----- Extracted records -----
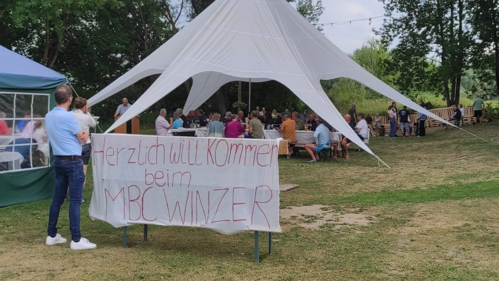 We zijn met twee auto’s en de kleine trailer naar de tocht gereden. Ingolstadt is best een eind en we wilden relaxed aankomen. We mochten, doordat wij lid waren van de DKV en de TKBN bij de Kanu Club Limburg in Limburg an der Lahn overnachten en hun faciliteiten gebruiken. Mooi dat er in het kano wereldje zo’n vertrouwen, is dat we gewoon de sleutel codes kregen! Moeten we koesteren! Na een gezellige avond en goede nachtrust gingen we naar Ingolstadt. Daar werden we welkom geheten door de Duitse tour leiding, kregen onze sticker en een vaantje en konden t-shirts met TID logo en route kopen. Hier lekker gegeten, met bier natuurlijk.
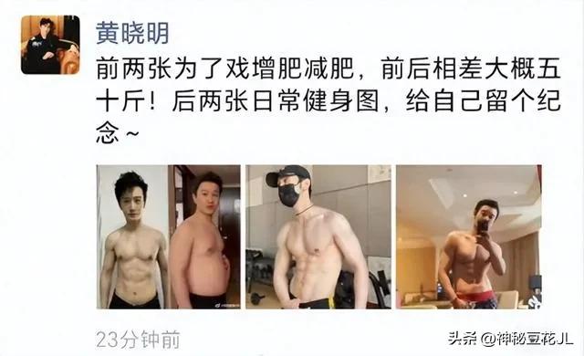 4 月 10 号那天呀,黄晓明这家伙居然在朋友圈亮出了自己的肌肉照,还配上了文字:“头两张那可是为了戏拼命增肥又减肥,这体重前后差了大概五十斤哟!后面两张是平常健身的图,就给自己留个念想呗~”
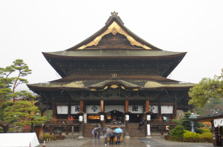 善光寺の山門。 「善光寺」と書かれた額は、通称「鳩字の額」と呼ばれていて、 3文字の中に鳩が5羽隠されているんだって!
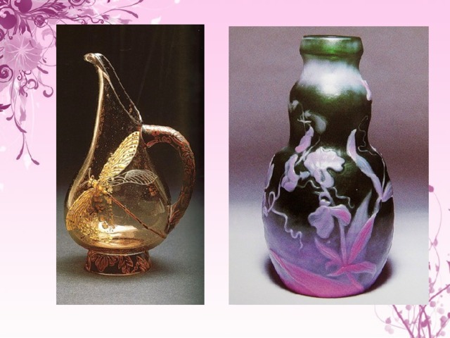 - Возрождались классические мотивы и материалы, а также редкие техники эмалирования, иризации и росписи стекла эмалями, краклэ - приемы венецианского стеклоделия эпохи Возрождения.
-----
----- Extracted records -----
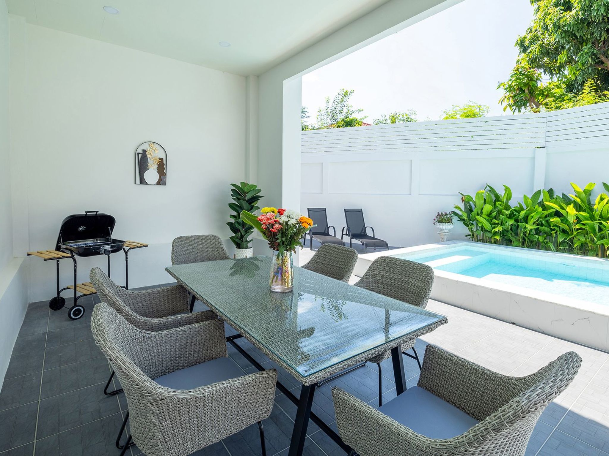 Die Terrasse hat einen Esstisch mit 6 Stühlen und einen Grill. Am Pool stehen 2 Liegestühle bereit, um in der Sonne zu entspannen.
-----
Required work
Nothing except the lines from the one containing "善光寺の山門。 「善光寺」と書かれた額は、通称「鳩字の額」と呼ばれていて、 3文字の中に鳩が5羽隠されているんだって!" through the one containing "- Возрождались классические" should appear in the answer, exactly as above and without pictures.

Completed exercise
 善光寺の山門。 「善光寺」と書かれた額は、通称「鳩字の額」と呼ばれていて、 3文字の中に鳩が5羽隠されているんだって!
 - Возрождались классические мотивы и материалы, а также редкие техники эмалирования, иризации и росписи стекла эмалями, краклэ - приемы венецианского стеклоделия эпохи Возрождения.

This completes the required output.